**The task**
The whole listing below needs to be duplicated exactly, pictures aside.
■ ■ ■ ■
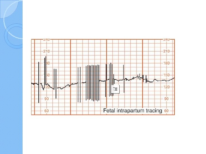 Causes of category II and III tracings unrelated to fetal hypoxemia � ●Fetal arrhythmias � ●Technical factors including a faulty leg plate, electrode, or monitor; setting the recording rate at 1 cm/min instead of the standard 3 cm/min; and the fact that very slow FH rates may be doubled and very fast rates (>240 bpm) may be halved by the machine. � ●The fetal and maternal heart beats are typically distinguished by the faster rate of the fetus (110 to 160 versus <100 bpm). they can beat at a similar rate. The fetal heart rate may be the same or slower than the maternal rate if there is a fetal heart rate deceleration or prolonged bradycardia or in the presence of maternal tachycardia due to fever or stress
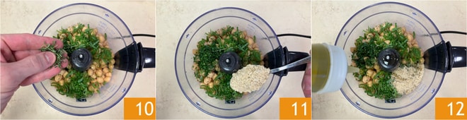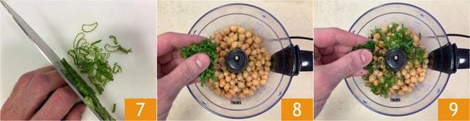 Enquanto isso, corte finamente a cebolinha 7 e coloque-a em um mixer 8 junto com o grão-de-bico e a salsinha picada 9.
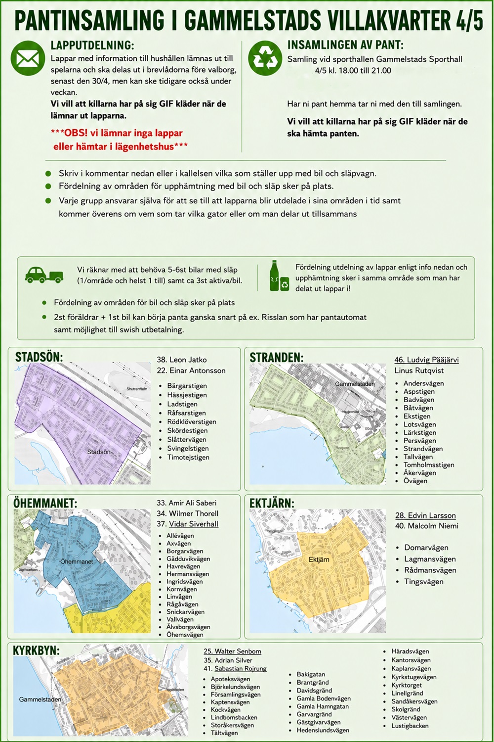 Fördelning utdelning av lappar enligt info nedan och upphämtning sker i samma område som man har delat ut lappar i!
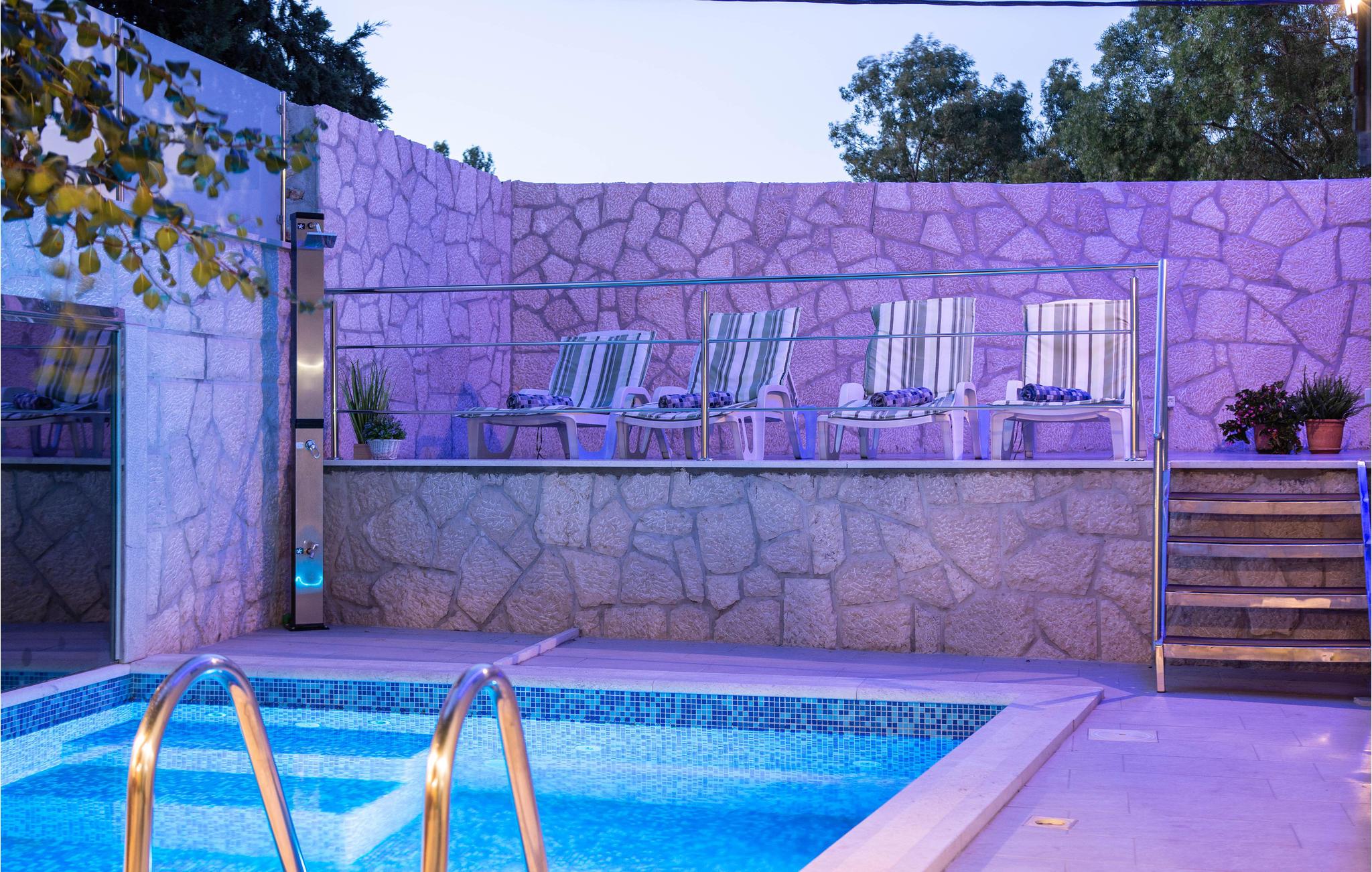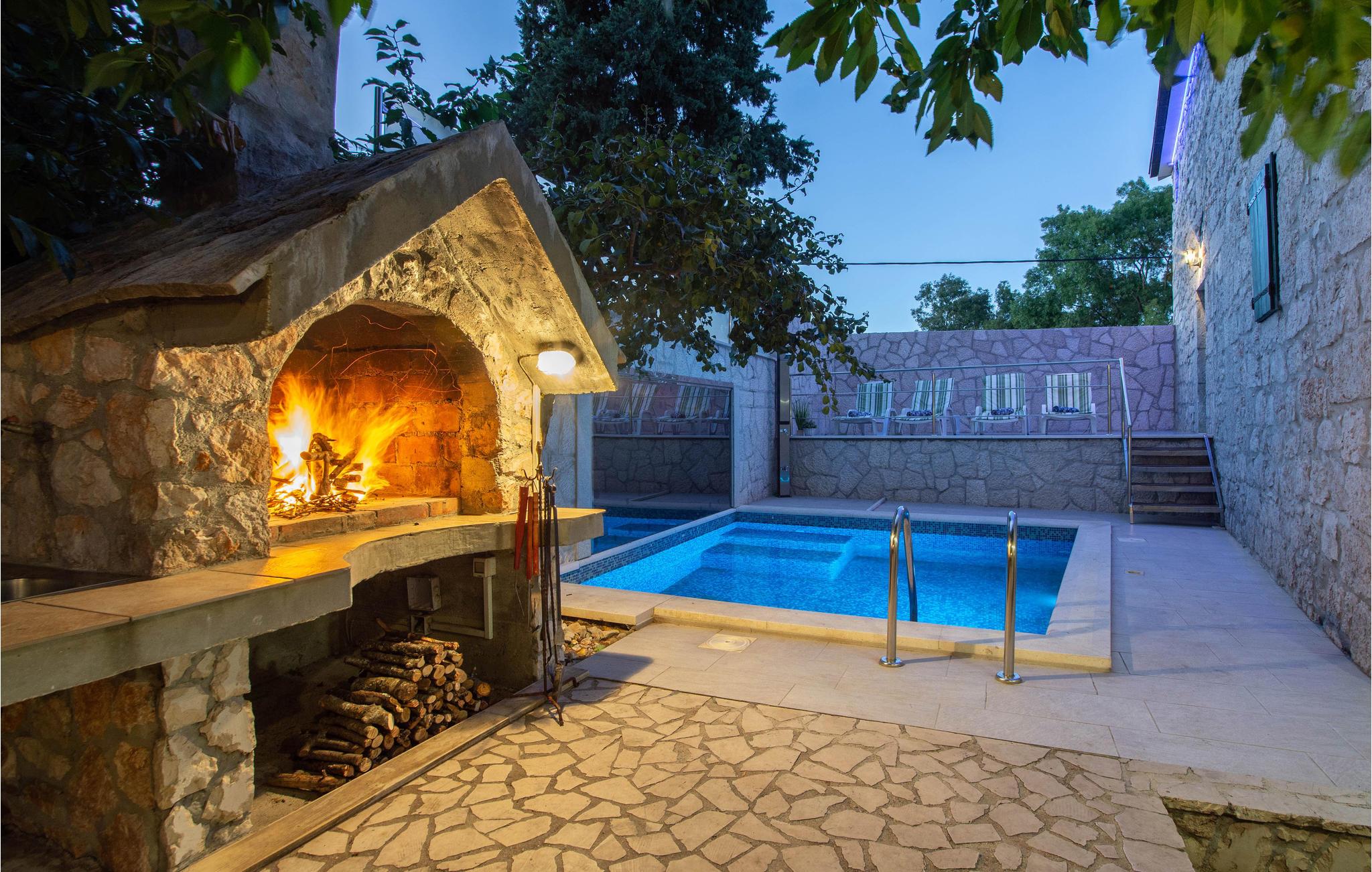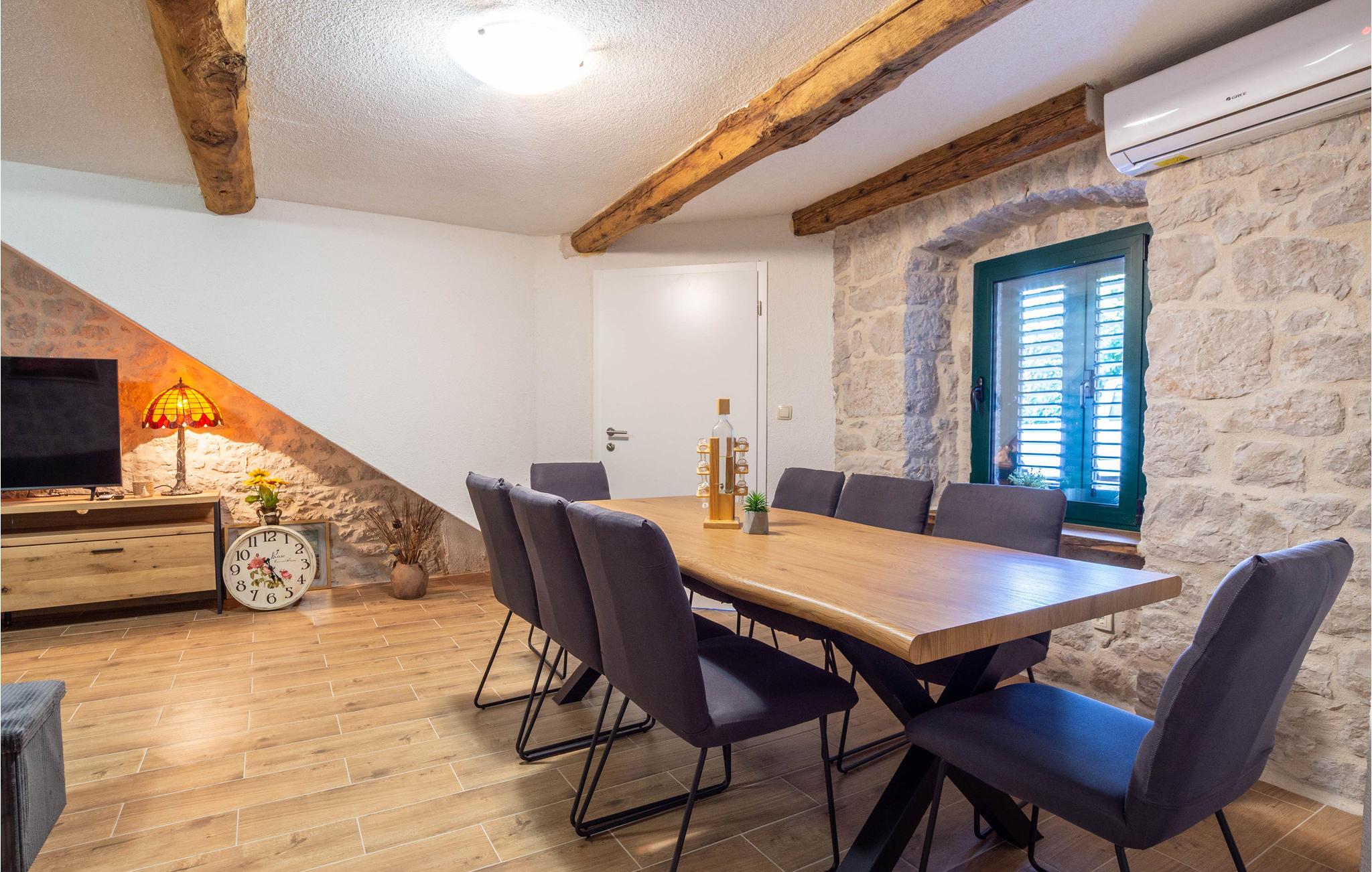 Dette rækkehus er renoveret i 2008 og ligger i grønne omgivelser i en lille dalmatinsk by. Værelserne ligger på 2 etager og er forbundet med en trappe. Loftsetagen er med delvis lave lofter og skråvægge. I nærheden ligger en flod, hvor I kan bade. Hvis det ønskes, kan der fra udlejeren købes vin og frugt fra husejers egen have. Der er fire parkeringspladser til rådighed. Ud over poolen hvor I kan svømme lige så tit I vil, er her både en legeplads, samt dartskive og bordfodbold, så hverken store eller små kommer til at kede sig. Et perfekt område til at slappe af i den friske luft og tage på ture i den uberørte natur på gåben eller cykel. Besøg de nærliggende Imotskisøer, som er rene naturperler, eller kør til en af de mange strande ved Makarskas riviera og tilbring en lang behagelig dag på stranden.
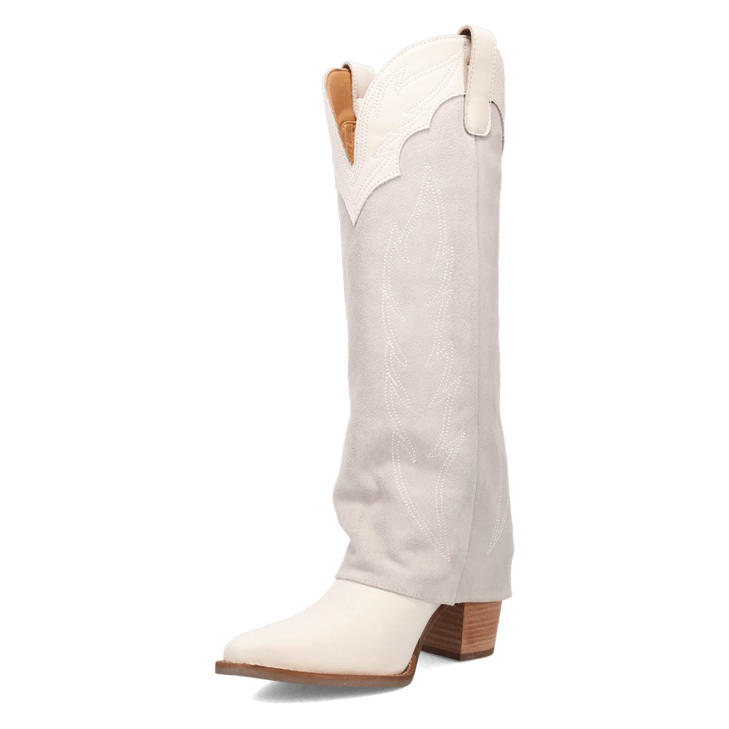 Dingo Womens Wild Horses White Leather 16in Cowboy Boots
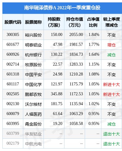 根據(jù)2022Q1季報(bào)基金重倉股數(shù)據(jù),重倉該股的基金共1家,其中持有數(shù)量最多的基金為南華瑞澤債券A。南華瑞澤債券A目前規(guī)模為11.17億元,最新凈值1.0138(5月31日),較上一交易日上漲0.6%,近一年下跌0.78%。該基金現(xiàn)任基金經(jīng)理為何林澤。何林澤在任的公募基金包括:南華瑞泰39個(gè)月定開A,管理時(shí)間為2021年4月28日至今,期間收益率為3.45%;南華瑞盈混合發(fā)起A,管理時(shí)間為2021年8月17日至今,期間收益率為-16.1%;南華瑞利債券A,管理時(shí)間為2021年9月8日至今,期間收益率為2.04%。
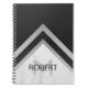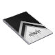 Ce carnet moderne présente un design géométrique avec un nom personnalisable et un monogramme dans un cadre en marbre blanc et argent sur arrière - plan noir.
■ ■ ■ ■
**Exercise solution**
 Causes of category II and III tracings unrelated to fetal hypoxemia � ●Fetal arrhythmias � ●Technical factors including a faulty leg plate, electrode, or monitor; setting the recording rate at 1 cm/min instead of the standard 3 cm/min; and the fact that very slow FH rates may be doubled and very fast rates (>240 bpm) may be halved by the machine. � ●The fetal and maternal heart beats are typically distinguished by the faster rate of the fetus (110 to 160 versus <100 bpm). they can beat at a similar rate. The fetal heart rate may be the same or slower than the maternal rate if there is a fetal heart rate deceleration or prolonged bradycardia or in the presence of maternal tachycardia due to fever or stress
 Enquanto isso, corte finamente a cebolinha 7 e coloque-a em um mixer 8 junto com o grão-de-bico e a salsinha picada 9.
 Fördelning utdelning av lappar enligt info nedan och upphämtning sker i samma område som man har delat ut lappar i!
 Dette rækkehus er renoveret i 2008 og ligger i grønne omgivelser i en lille dalmatinsk by. Værelserne ligger på 2 etager og er forbundet med en trappe. Loftsetagen er med delvis lave lofter og skråvægge. I nærheden ligger en flod, hvor I kan bade. Hvis det ønskes, kan der fra udlejeren købes vin og frugt fra husejers egen have. Der er fire parkeringspladser til rådighed. Ud over poolen hvor I kan svømme lige så tit I vil, er her både en legeplads, samt dartskive og bordfodbold, så hverken store eller små kommer til at kede sig. Et perfekt område til at slappe af i den friske luft og tage på ture i den uberørte natur på gåben eller cykel. Besøg de nærliggende Imotskisøer, som er rene naturperler, eller kør til en af de mange strande ved Makarskas riviera og tilbring en lang behagelig dag på stranden.
 Dingo Womens Wild Horses White Leather 16in Cowboy Boots
 根據(jù)2022Q1季報(bào)基金重倉股數(shù)據(jù),重倉該股的基金共1家,其中持有數(shù)量最多的基金為南華瑞澤債券A。南華瑞澤債券A目前規(guī)模為11.17億元,最新凈值1.0138(5月31日),較上一交易日上漲0.6%,近一年下跌0.78%。該基金現(xiàn)任基金經(jīng)理為何林澤。何林澤在任的公募基金包括:南華瑞泰39個(gè)月定開A,管理時(shí)間為2021年4月28日至今,期間收益率為3.45%;南華瑞盈混合發(fā)起A,管理時(shí)間為2021年8月17日至今,期間收益率為-16.1%;南華瑞利債券A,管理時(shí)間為2021年9月8日至今,期間收益率為2.04%。
 Ce carnet moderne présente un design géométrique avec un nom personnalisable et un monogramme dans un cadre en marbre blanc et argent sur arrière - plan noir.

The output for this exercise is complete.